Descriptive Essay on Black Friday: The Powerful Day that Divides and Unites


Black Friday is undoubtedly the craziest (shopping) day of the year in the United States; a day when massive retail sales bring out some of the worst character traits.

Black Friday

We’ve all heard the tales of adults grabbing items from the arms of children, babies being left unattended, crying in the shops surrounded by hordes of people but no parent in sight. And of course, the horror stories of people being trampled, and seriously injured (seven reported deaths and 98 injuries since 2006), as would-be shoppers force their way into the stores (all before the sun has come up and Thanksgiving leftovers have been put away).

(and not to be outdone, online retailers quickly follow suit with a crazed sale of their own; Cyber Monday).

Can it really bring out the good in human spirit?

What is Black Friday?

The modern Macy's Thanksgiving Day Parade kicked off in 1924, and since then, the Friday after Thanksgiving has become known as the start of the holiday season. Decorations are dusted off, evergreen trees take their places in living rooms around the nation, and of course, shopping begins.

The term Black Friday was introduced in th

e 1960s, although not as an official holiday (though since most people don’t work or go to school the day before, many people do take the Friday off and create a four-day weekend. Well, if you aren’t in retail, that is).

Official records from 2005 have marked this day as the most profitable day for retailers. As a note, the term “black” refers to stores moving from the “red”, running at a loss, to the “black”, becoming profitable, and likely refers to hand-kept accounting records which used red ink to indicate loss, and black to denote profit in the books.
The day, ironically, falls the day after Thanksgiving (you know, the day dedicated to spending time with friends and family, giving thanks for what we have). Despite this, the very next day, and in the case of a few retailers the same day, many head out the door before dawn, into cold and sometimes snow, to stock up on material possessions that they were perfectly happy without the day before.

Seems nonsensical.

Of course, stores exacerbate the issue.

Shop owners, literally overnight, discard the browns, gold and orange hues, toss aside the signs of Thanksgiving and happy-faced scarecrows and replace with red, white, and green tinsel, tempting candy canes, and oversized nutcrackers.

So it seems fitting, if illogical, that the next holiday season kicks off with a blast on the scale of Black Friday. A sale so massive that there are typically a few items marked so low that the retailer makes little, or no, profit on those items.

If the day after Thanksgiving was already, at least as a society, recognized as the first “unofficial” day of Christmas shopping, aren’t we the instigators of Black Friday craziness? Did we not create it, just as Victor Frankenstein created his creature?

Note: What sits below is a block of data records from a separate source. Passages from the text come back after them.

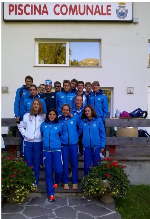
Nazionale Italiana Youth e Junior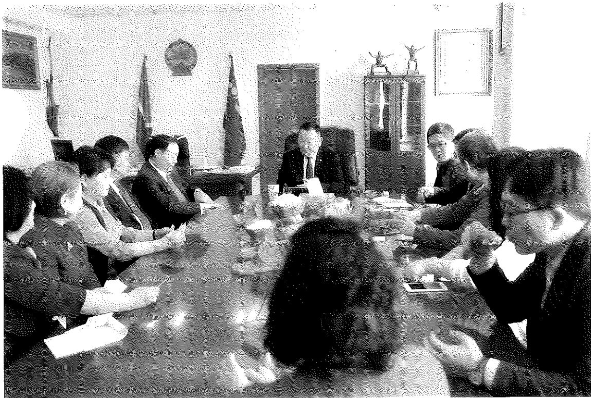
代表團成員與札布汗省省長Daimaa Batsaikhan會面情形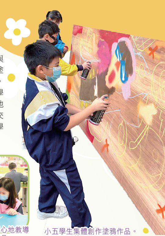
小五學生集體創作塗鴉作品。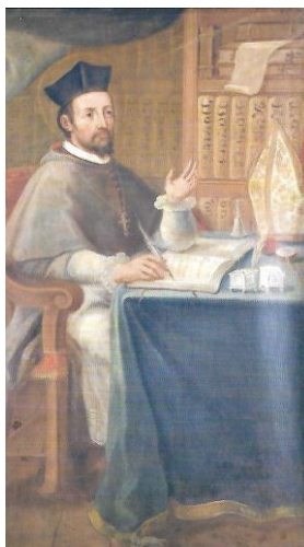
Santuario de Nuestra Señora de la Luz, Puebla

Existe otra obra “Adoración de la eucaristía” de José de Ibarra fechada en 1732 que se ubica en la Catedral de Puebla en espacio visible y accesible (Figura 6). En ella el Espíritu Santo, descendiendo de la gloria, se posa sobre la hostia consagrada y el cáliz. La escena es venerada por varios ángeles que vuelan y ocho hombres que visten como canónigos de la Catedral, que representan a varios santos coronados con sus nombres (Lorenzo Justiniano, Gregorio, entre ellos). El único que observa al espectador -el único que no está canonizado- con las tradicionales facciones de Palafox, se corona como Pedro de Osma (S. Pedro Oxomensis, sic ), fundador de la diócesis cuya sede ocupó el venerable, los últimos años de su vida. 617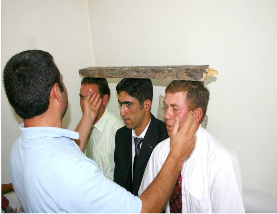
Ek-14. Güvey evi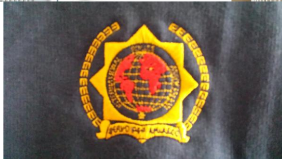
Das gestickte Wappen in Großaufnahme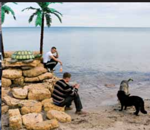
Nick Hannes: nog tot 29 januari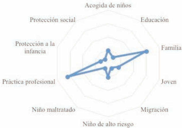
GRÁFICO 4: Niñez. Cruzamiento con las principales palabras clave. Valores sobre total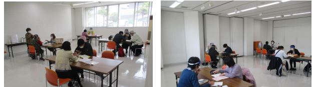
2021年は少人数での教室です。

2020年に拡散が始まった新型コロナウイルスにより活動を停止してきたさむかわ国際交流協会の事業は2021年4月から日本語教室を少人数に限定して再開してきました。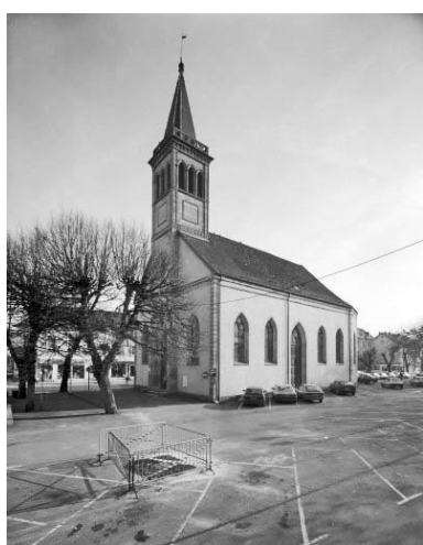
Vue d'ensemble de trois quarts droit. IVR43_19912500051V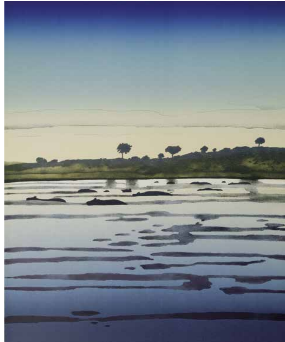
Mémoire d'Afrique. Le Nil Victoria, 1975, lithographie, 65 x 50,8 cm. Collection particulière.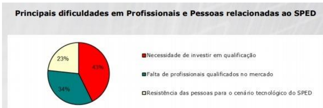
Gráfico 2: Principais dificuldades em profissionais e pessoas relacionadas ao SPED

Dentre as dificuldades elencadas pelos profissionais e pessoas quanto ao sped, o investimento em qualificação foi apontado como o mais importante ponto a ser explorado com 43%, demonstrando que o pessoal responsável por sua adequação e envio, ainda encontra-se momentaneamente despreparado ou sem segurança suficiente para tal.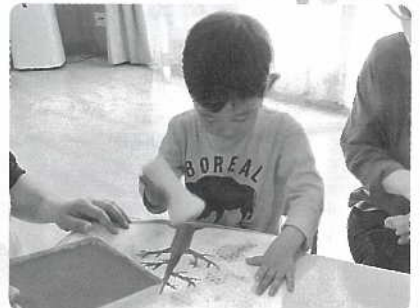
△ どこにしようかな?

生になりました!! ② 一日でも早く高校生活に慣れて、学校生活を楽しみたいです。 ③ 学校へ行き、たくさん友達を作って一緒に遊びたいと思います。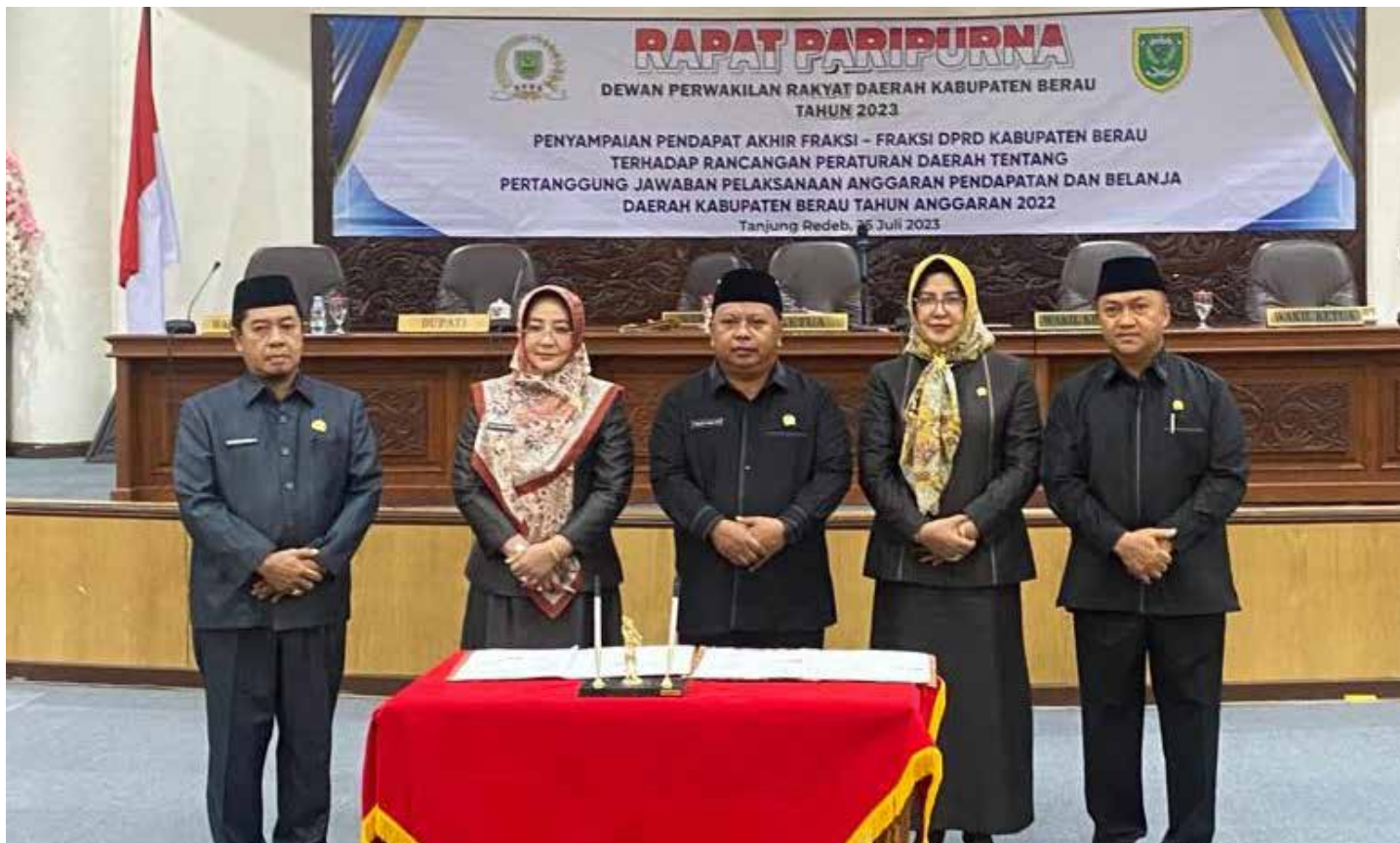
Rapat paripurna menyampaikan akhir fraksi terhadap Raperda Pertanggungjawaban APBD Berau 2022, Selasa (25/7/2023).

Some people, so completely disgusted, choose to throw away the season entirely, scratch it off as commercialism at its worst and throw the baby out with the bathwater, discarding any goodness that could come from a season which should be ushered in with joy.

You would be forgiven if you did. In 2012, Walmart and several other retailers announced that they would open most of their stores at 8:00 p.m. on Thanksgiving Day; sadness at its best and desperation at its worst.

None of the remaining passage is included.